Start of Records

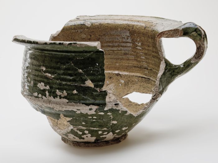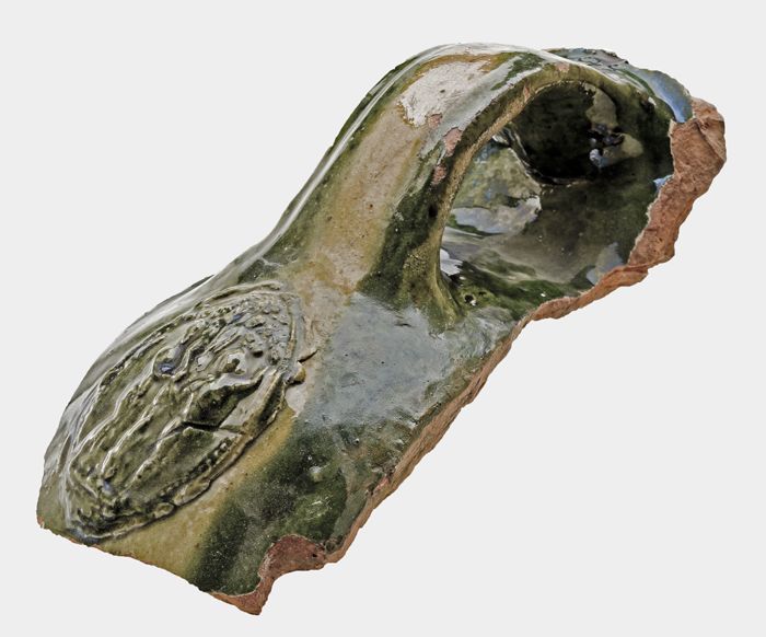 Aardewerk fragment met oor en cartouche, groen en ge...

End of Records
Start of Records

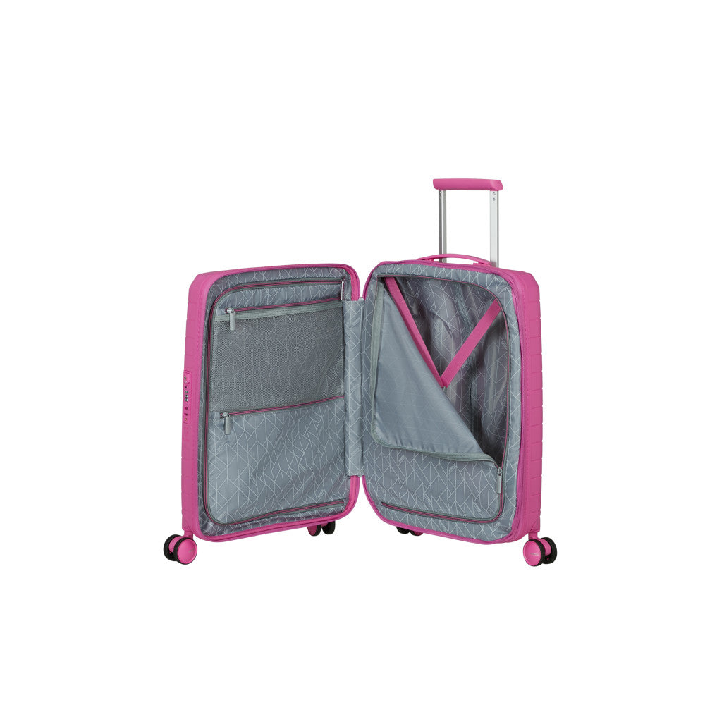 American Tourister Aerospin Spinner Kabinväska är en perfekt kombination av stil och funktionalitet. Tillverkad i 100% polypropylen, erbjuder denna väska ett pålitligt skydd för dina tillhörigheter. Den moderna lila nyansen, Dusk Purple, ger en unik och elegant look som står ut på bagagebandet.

End of Records
Start of Records

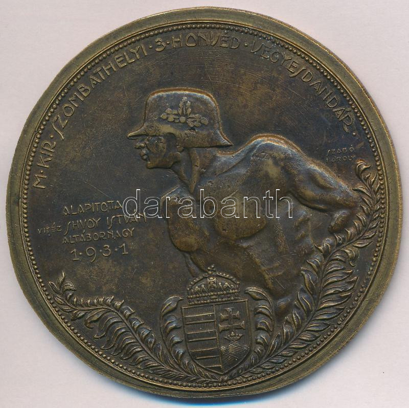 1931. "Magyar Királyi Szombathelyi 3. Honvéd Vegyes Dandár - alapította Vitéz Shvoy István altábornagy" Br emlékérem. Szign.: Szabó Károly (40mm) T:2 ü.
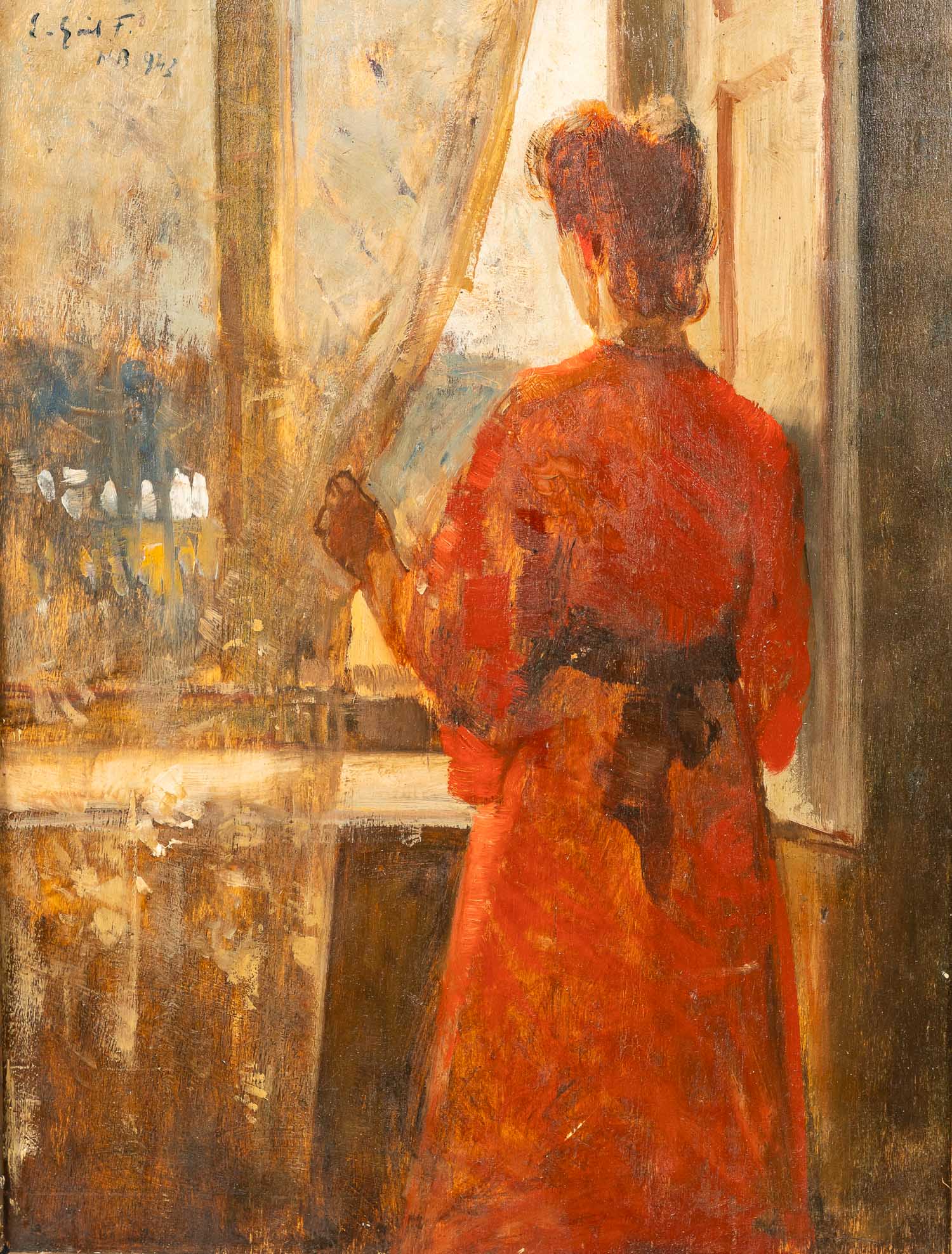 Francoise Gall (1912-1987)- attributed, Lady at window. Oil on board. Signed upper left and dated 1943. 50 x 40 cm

End of Records

• _Work instructions_: Starting at the line above with "(40mm) T:2 ü.", output every line exactly up to and including the line with "Francoise Gall (1912-1987)- attributed, Lady", but none of the pictures.

• _Output for this exercise_:
 1931. "Magyar Királyi Szombathelyi 3. Honvéd Vegyes Dandár - alapította Vitéz Shvoy István altábornagy" Br emlékérem. Szign.: Szabó Károly (40mm) T:2 ü.
 Francoise Gall (1912-1987)- attributed, Lady at window. Oil on board. Signed upper left and dated 1943. 50 x 40 cm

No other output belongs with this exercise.